The government also incurred the greatest expenditure on average annual societal costs than private OOP costs for the ID participants aged 5–60 years old (Table 2). In general, the total average annual societal costs of the ID participants increased with age, as different costs are included in the different stages of life of the ID participant, for example, education costs and specialized accommodation costs (Figure 1). As some of these societal costs, particularly those of education and accommodation, are less reliant on carers, the societal costs relating to carers and their spouse decreased over time (Table 3).
Expectedly, the greatest income lost among the ID participants occurred throughout the typical working age of 19–60 years (Table 2). For the carers and their spouse, the income lost was greatest when the ID participants were in the youngest age groups, decreasing to 0 by the time the ID participant was aged 40–60, when the carers themselves moved beyond working age (Table 3).
The total average annual societal costs are considerably higher than the total average annual healthcare costs, comprising approximately 89.2% of the total average annual costs. A breakdown of the government costs (Commonwealth government and state government) can be found in Supplementary Table S2.
On average, the annual cost of NDIS packages for those participants in receipt of NDIS with mild ID was AUD 25,257, increasing to AUD 96,452 for those with severe ID (Table 4). The average cost for those with an NDIS package increased by age, with the average cost rising to AUD 112,506 for those aged 40–60 years (Table 4).

3.2. Lifetime Costs

We estimated the total lifetime cost of caring for a person with ID to be AUD 6,957,691 per person and AUD 10,800,988 per household (Table 5). The Commonwealth government incurred the highest total lifetime cost (AUD 6,011,629 per person and AUD 9,332,339 per household), with accommodation comprising the largest cost at AUD 3,071,105 per person and AUD 4,767,525 per household. The total lifetime private OOP costs were estimated to be AUD 2,693,437 per person and AUD 4,181,240 per household, higher than the total lifetime cost to state government at AUD 616,787 per person and AUD 957,489 per household (Table 5).

3.3. National Costs

In aggregate, the national total annual cost of familial ID is about AUD 5.7 billion based on our survey data.
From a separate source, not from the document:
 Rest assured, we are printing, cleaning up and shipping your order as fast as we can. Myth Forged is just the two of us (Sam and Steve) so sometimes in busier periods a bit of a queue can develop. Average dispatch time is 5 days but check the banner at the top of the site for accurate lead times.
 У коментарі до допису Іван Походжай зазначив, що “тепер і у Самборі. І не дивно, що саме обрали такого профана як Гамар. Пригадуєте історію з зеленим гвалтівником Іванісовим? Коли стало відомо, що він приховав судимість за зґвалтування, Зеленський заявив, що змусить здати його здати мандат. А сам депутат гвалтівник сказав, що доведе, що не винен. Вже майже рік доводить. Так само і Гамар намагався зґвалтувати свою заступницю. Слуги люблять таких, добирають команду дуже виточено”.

Based on the administrative data estimates, there are approximately 57,995 people in Australia with familial ID, and the national total annual cost of familial ID through NDIS payments is AUD 5.8 billion. The national total lifetime cost of familial ID is estimated to be AUD 403 billion.
In our sensitivity analysis, we assumed that a person with familial ID was expected to live up to the age of 50–70 years old (rather than 60 years, as in the base case). Using these assumptions, the national total lifetime cost of familial ID was estimated to be AUD 334 billion and AUD 473 billion, respectively.

4. Discussion

This study has demonstrated the high healthcare and societal costs of familial ID, with societal costs comprising an extraordinary 89.2% of total lifetime costs. Notably, families bear a very significant financial cost, even in Australia where we have a universal health system, welfare payments, and other subsidies, including the NDIS for those with an intellectual disability. Compared to dementia and mental health disorders, the cost of ID is greater, due to the early onset of the disorder, and families are more likely to struggle financially and have a higher caring load [34]. In Australia, the cost of dementia in 2016 was estimated to be AUD 14.25 billion (AUD 35,550 per person per year), with 62% composed of healthcare costs and 38% of societal costs [35].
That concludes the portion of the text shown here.